General Motors has confirmed that it's cutting 15% of its workforce to save $6 billion.
It will cut car production and stop building several slow-selling models, and slash its North American workforce.
It's the biggest restructuring by GM in North America since its bankruptcy a decade ago.
GM says it plans to halt production next year at three assembly plants - Lordstown, Ohio, Hamtramck, Michigan, and Oshawa, Ontario.
The company also plans to stop building several models now assembled at those plants.
GM said it will shift more investment to electric and autonomous vehicles.
The issue will be addressed in talks with the United Auto Workers union next year. GM Chief Executive Officer Mary Barra disclosed the plan.
"We are right sizing capacity for the realities of the marketplace" she said, adding that the cuts were prompted by auto industry changes.
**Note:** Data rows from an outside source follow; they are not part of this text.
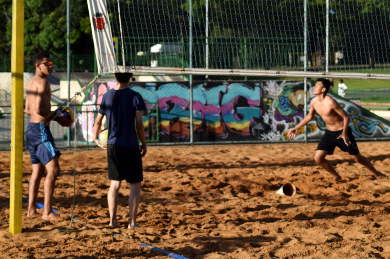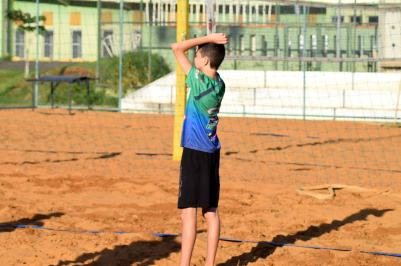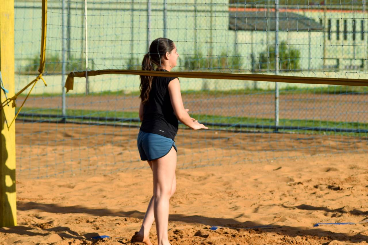 Jovens valores do vôlei de praia de Maringá treinam nas quadras de areia da Vila Olímpica. A professora Lorraine Savano comanda as atividades diariamente. Imagens de terça-feira (3). Fotos: Orlando Gonzalez)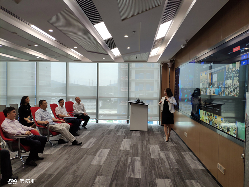 圖四:奧威亞專業(yè)講師向到場(chǎng)參觀的領(lǐng)導(dǎo)們?cè)敿?xì)講解產(chǎn)品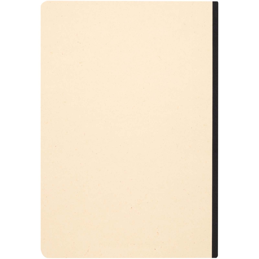 Zápisník formátu A5 s měkkou obálkou, zaoblenými rohy a 72 linkovanými listy papíru o gramáži 90 g/m2. Obálka je vyrobena z RPET a z papíru z cukrové třtiny. Rozměry: 21 x 14,5 cm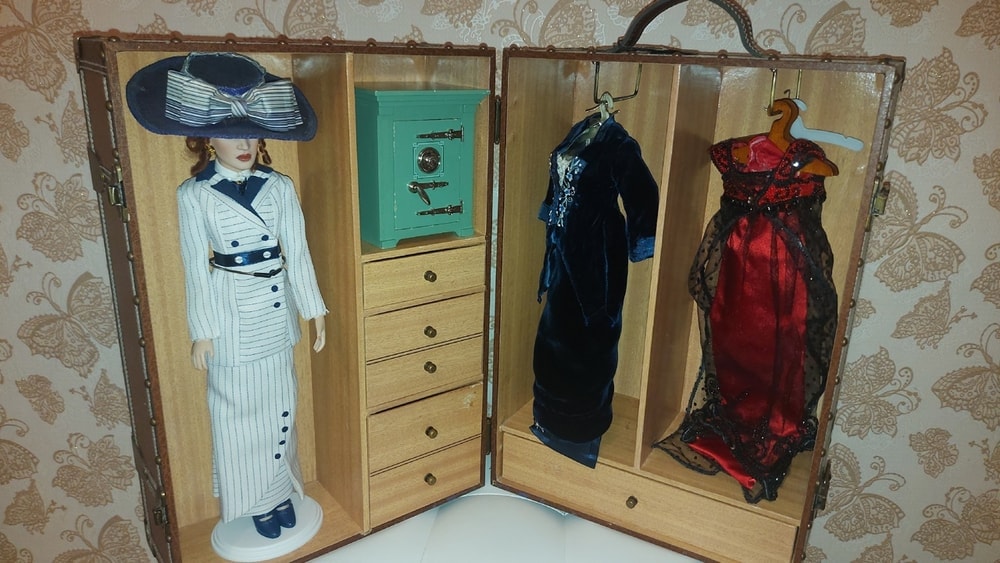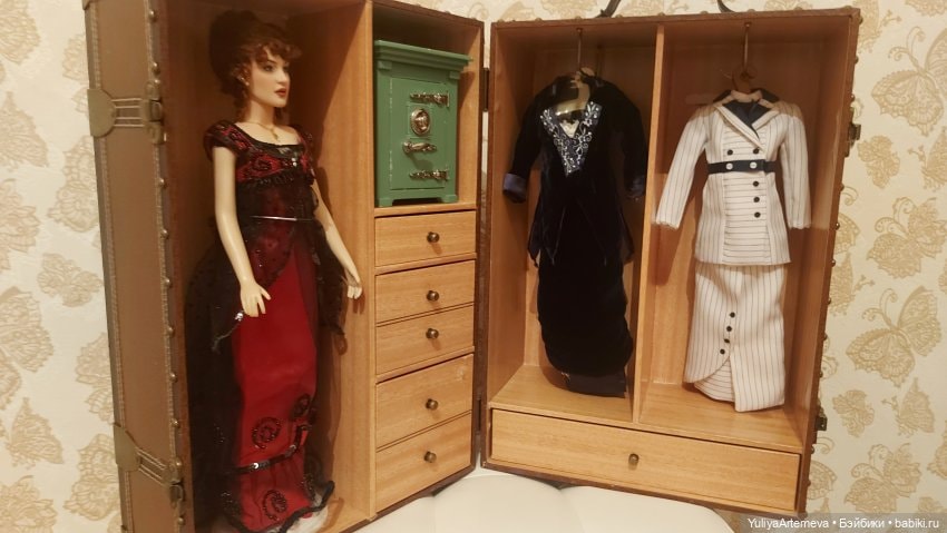 Открываем саквояж, а там все для бережного хранения нашей куклы и ее нарядов . И первое к чему потянулись мои руки, это был сейф, достаточно крупная модель

GM shares were last up over 2% at $36.72 before being halted.
Cost pressures on GM and other automakers and suppliers have increased as demand waned for traditional sedans.
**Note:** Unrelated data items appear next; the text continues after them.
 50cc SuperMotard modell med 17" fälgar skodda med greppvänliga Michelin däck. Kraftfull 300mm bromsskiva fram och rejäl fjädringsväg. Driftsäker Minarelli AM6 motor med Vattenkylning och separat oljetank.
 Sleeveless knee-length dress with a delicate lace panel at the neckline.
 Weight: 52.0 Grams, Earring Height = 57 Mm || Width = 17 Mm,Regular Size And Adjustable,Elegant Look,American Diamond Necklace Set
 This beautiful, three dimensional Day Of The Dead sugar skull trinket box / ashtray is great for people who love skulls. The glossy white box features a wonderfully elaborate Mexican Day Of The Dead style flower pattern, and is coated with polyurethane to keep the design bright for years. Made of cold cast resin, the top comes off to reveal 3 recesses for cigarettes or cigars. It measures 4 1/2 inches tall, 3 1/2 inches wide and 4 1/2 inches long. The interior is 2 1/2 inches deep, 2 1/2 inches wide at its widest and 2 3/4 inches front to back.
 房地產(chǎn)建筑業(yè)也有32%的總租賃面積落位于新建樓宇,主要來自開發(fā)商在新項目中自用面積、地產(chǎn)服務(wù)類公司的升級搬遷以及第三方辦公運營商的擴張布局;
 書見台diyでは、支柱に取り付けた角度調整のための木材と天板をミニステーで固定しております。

The company has said tariffs on imported steel, imposed earlier this year by the Trump administration, have cost it $1 billion.
A Canadian union, Unifor, which represents most unionised auto workers in Canada, said it was informed by GM that there would be no product allocated to the plant in Oshawa, about 60 km from Toronto, after December 2019.
GM employs about 2,500 union staff in Oshawa.
GM has begun what is expected to be a long and expensive transition to a new business model that embraces electrified and automated vehicles, many of which will be shared rather than owned.
The number one US automaker signaled the latest belt-tightening in late October when it offered buyouts to 50,000 salaried employees in North America, with the aim of reducing headcount by 18,000. It plans to trim executive ranks by 25%, the source said.
An industrywide slowdown in passenger car sales started to pick up steam in 2017.
The shift by US consumer preferences have been away from passenger cars to larger, more comfortable SUVs and pickup trucks has been swift and severe, leaving automakers scrambling to readjust.
As recently as 2012, passenger cars made up more than half of all US new vehicle sales.
Through the first nine months of 2018, that had fallen to around a third.